WHAT THE TASK REQUIRES:
When a picture appears in the listing, leave it out and copy the rest exactly as it stands.

PROVIDED MATERIAL:
----

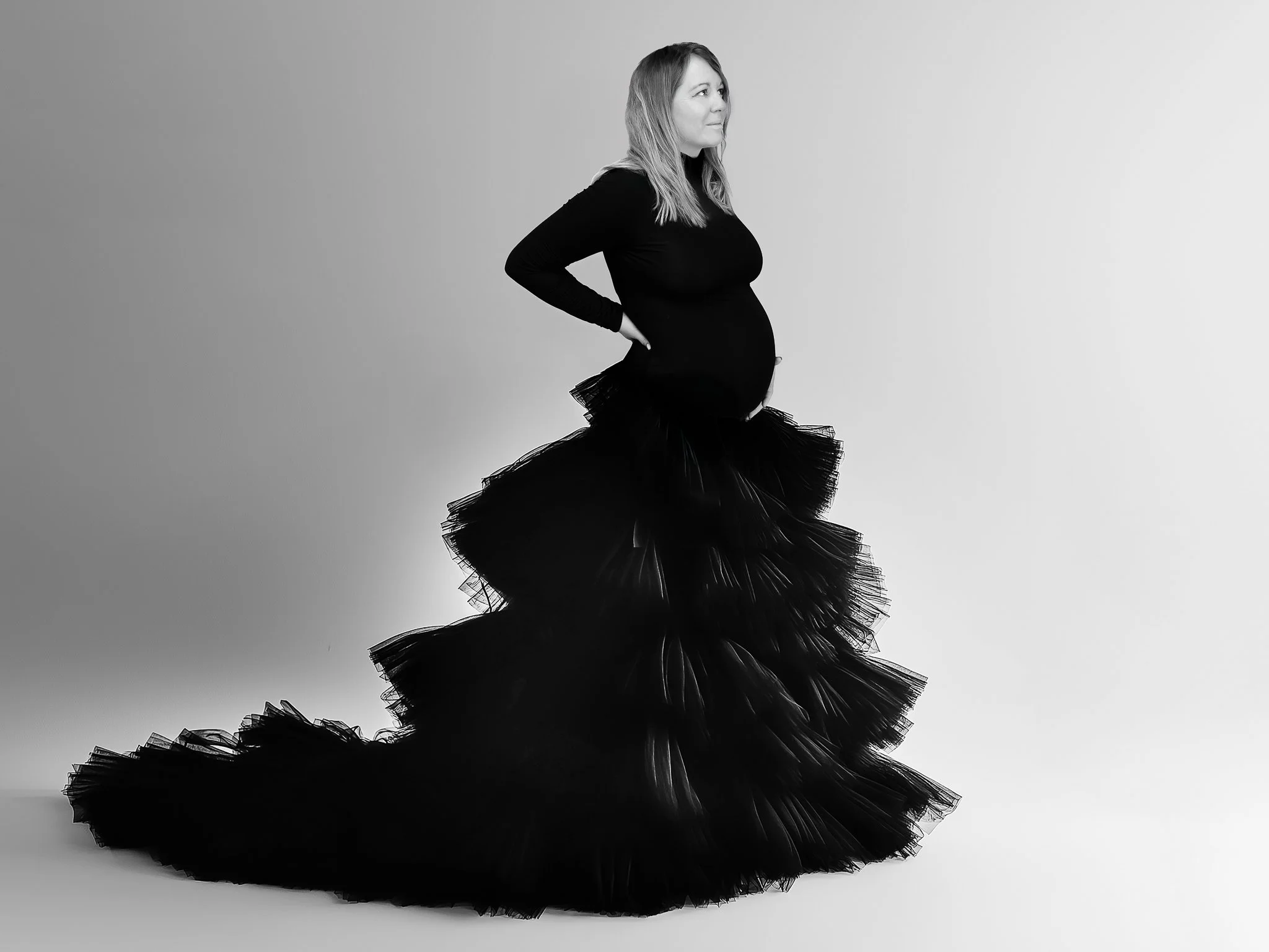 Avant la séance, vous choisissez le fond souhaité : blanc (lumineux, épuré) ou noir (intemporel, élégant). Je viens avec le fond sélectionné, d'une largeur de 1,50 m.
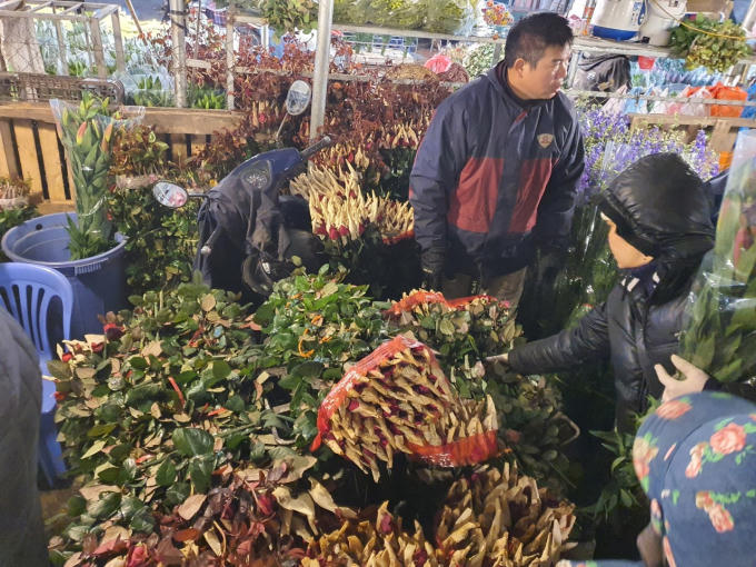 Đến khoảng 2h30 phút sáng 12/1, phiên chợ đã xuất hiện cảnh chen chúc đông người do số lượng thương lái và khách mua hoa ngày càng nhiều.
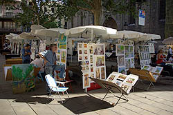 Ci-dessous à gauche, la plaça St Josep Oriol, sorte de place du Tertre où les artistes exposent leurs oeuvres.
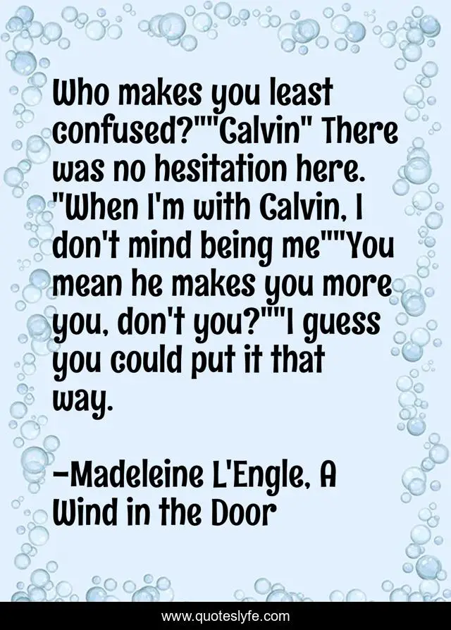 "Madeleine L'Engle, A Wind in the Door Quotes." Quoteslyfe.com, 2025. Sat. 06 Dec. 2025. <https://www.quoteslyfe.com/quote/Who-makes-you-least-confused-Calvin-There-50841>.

----

RESULT OF THIS TASK:
 Avant la séance, vous choisissez le fond souhaité : blanc (lumineux, épuré) ou noir (intemporel, élégant). Je viens avec le fond sélectionné, d'une largeur de 1,50 m.
 Đến khoảng 2h30 phút sáng 12/1, phiên chợ đã xuất hiện cảnh chen chúc đông người do số lượng thương lái và khách mua hoa ngày càng nhiều.
 Ci-dessous à gauche, la plaça St Josep Oriol, sorte de place du Tertre où les artistes exposent leurs oeuvres.
 "Madeleine L'Engle, A Wind in the Door Quotes." Quoteslyfe.com, 2025. Sat. 06 Dec. 2025. <https://www.quoteslyfe.com/quote/Who-makes-you-least-confused-Calvin-There-50841>.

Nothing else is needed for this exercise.